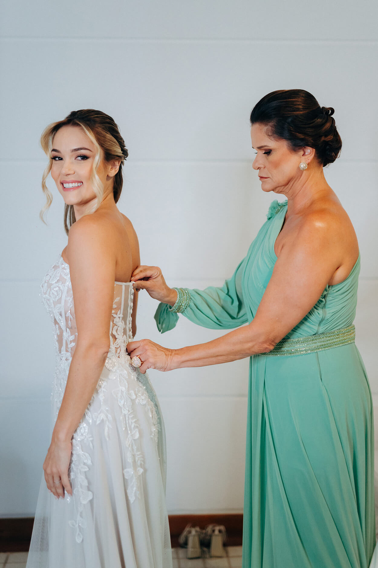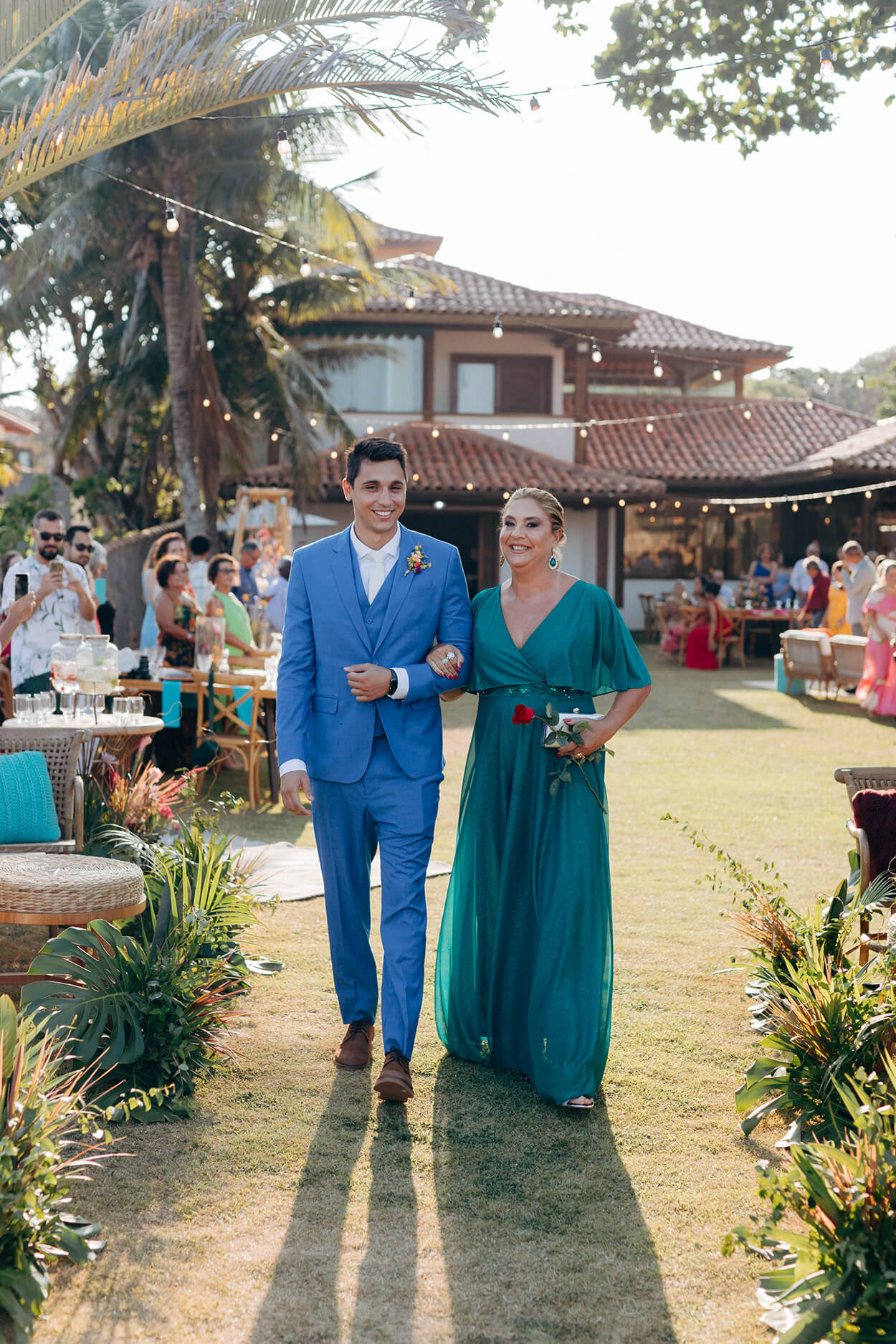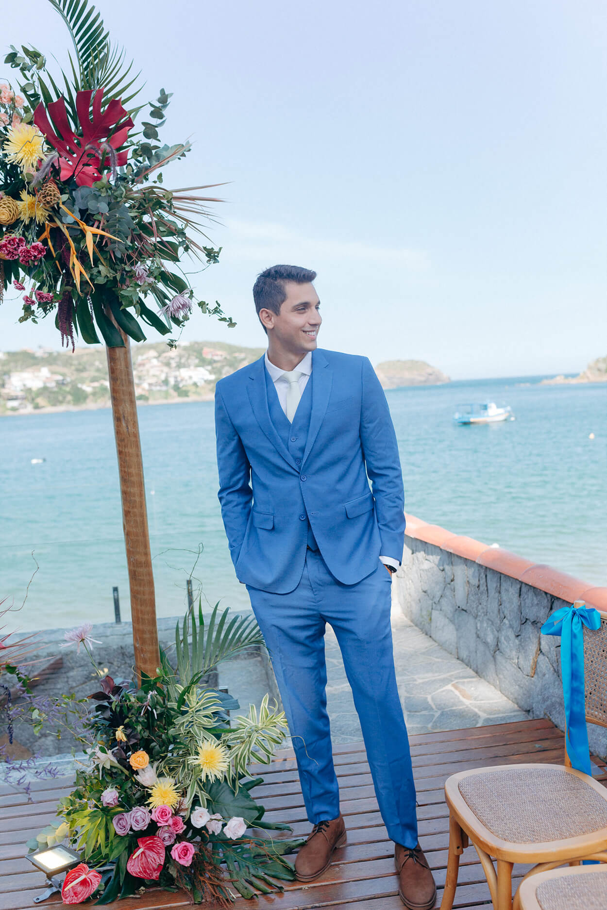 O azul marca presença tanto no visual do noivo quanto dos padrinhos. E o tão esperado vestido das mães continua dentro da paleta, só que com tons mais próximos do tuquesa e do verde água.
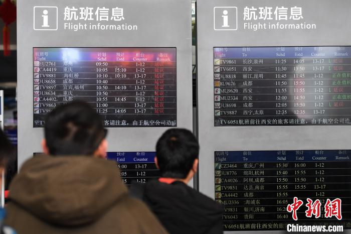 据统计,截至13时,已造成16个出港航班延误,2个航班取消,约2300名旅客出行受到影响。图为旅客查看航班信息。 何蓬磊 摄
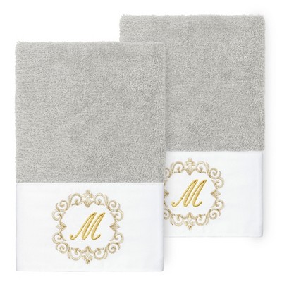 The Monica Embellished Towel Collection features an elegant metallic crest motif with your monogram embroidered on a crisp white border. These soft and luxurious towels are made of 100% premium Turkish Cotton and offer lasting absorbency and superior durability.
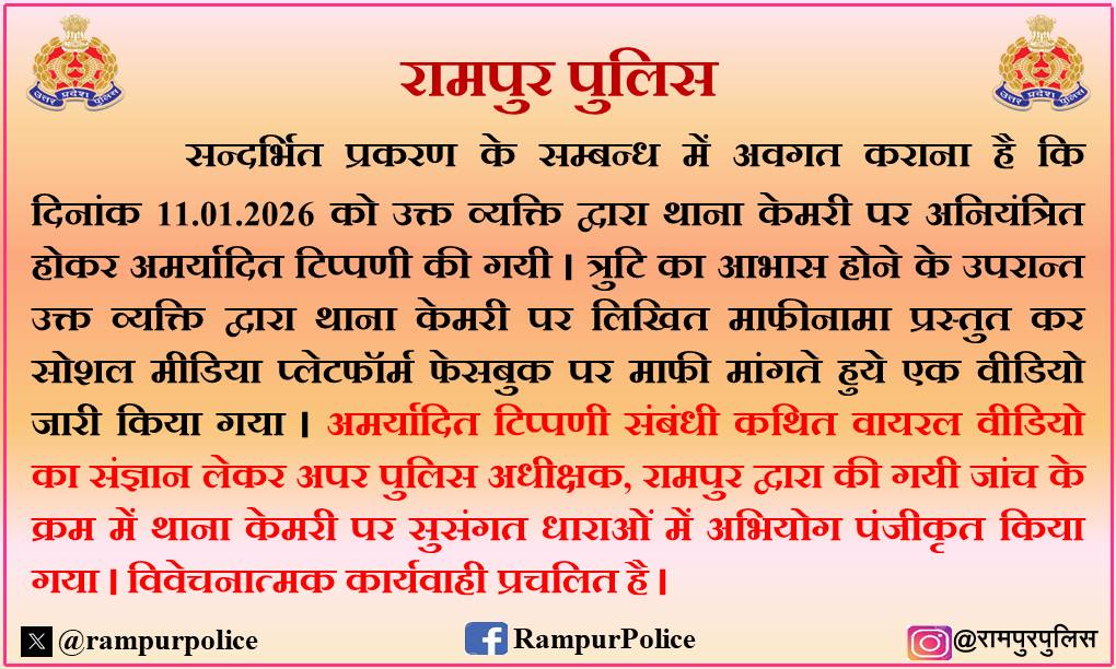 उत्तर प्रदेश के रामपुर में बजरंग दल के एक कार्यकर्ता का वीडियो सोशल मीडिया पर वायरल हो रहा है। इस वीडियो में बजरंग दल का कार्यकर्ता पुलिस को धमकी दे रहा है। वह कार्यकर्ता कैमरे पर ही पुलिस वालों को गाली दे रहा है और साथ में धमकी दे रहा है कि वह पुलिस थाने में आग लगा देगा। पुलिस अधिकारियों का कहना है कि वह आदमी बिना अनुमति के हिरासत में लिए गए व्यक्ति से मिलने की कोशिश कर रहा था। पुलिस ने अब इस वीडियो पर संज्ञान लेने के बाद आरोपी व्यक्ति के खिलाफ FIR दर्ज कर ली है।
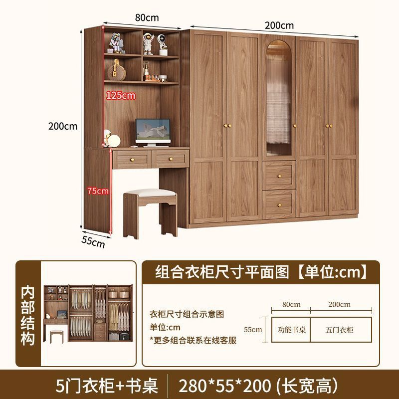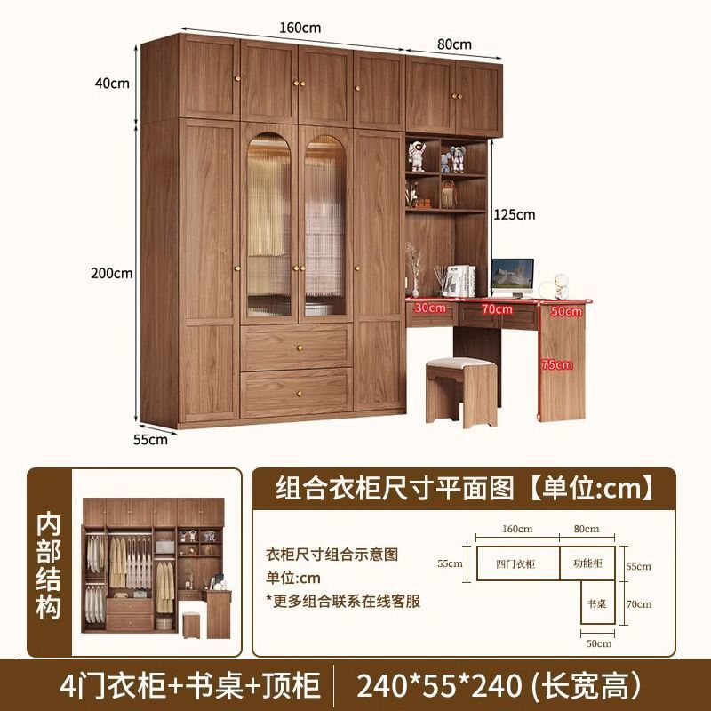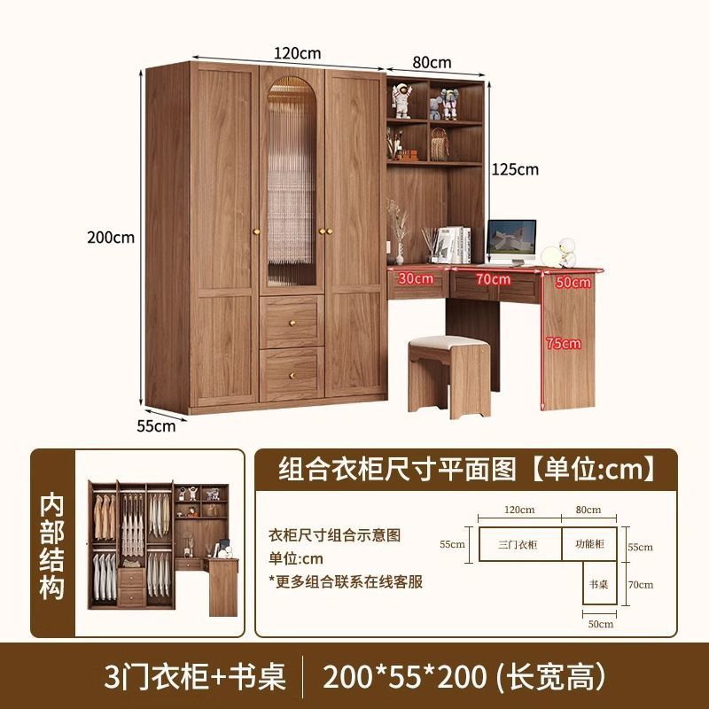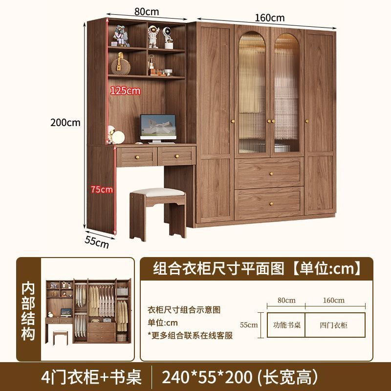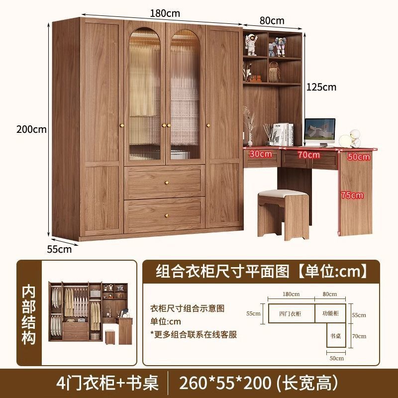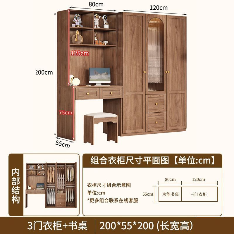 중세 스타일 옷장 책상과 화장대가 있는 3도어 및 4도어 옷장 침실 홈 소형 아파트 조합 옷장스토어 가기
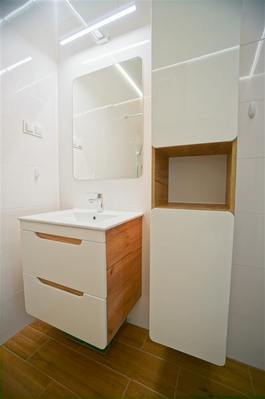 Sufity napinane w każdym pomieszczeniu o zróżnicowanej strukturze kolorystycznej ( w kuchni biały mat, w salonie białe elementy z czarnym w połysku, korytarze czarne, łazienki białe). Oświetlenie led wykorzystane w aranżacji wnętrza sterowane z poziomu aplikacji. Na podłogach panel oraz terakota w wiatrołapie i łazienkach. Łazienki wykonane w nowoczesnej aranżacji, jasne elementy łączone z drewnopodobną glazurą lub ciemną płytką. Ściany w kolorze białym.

★ ★ ★ ★ ★ ★ ★

Would you give again, exactly, the lines in the data above that run from the line containing "The Monica Embellished" to the line containing "उत्तर प्रदेश के"? Include both ends and no pictures.

**FINAL ANSWER**
 The Monica Embellished Towel Collection features an elegant metallic crest motif with your monogram embroidered on a crisp white border. These soft and luxurious towels are made of 100% premium Turkish Cotton and offer lasting absorbency and superior durability.
 उत्तर प्रदेश के रामपुर में बजरंग दल के एक कार्यकर्ता का वीडियो सोशल मीडिया पर वायरल हो रहा है। इस वीडियो में बजरंग दल का कार्यकर्ता पुलिस को धमकी दे रहा है। वह कार्यकर्ता कैमरे पर ही पुलिस वालों को गाली दे रहा है और साथ में धमकी दे रहा है कि वह पुलिस थाने में आग लगा देगा। पुलिस अधिकारियों का कहना है कि वह आदमी बिना अनुमति के हिरासत में लिए गए व्यक्ति से मिलने की कोशिश कर रहा था। पुलिस ने अब इस वीडियो पर संज्ञान लेने के बाद आरोपी व्यक्ति के खिलाफ FIR दर्ज कर ली है।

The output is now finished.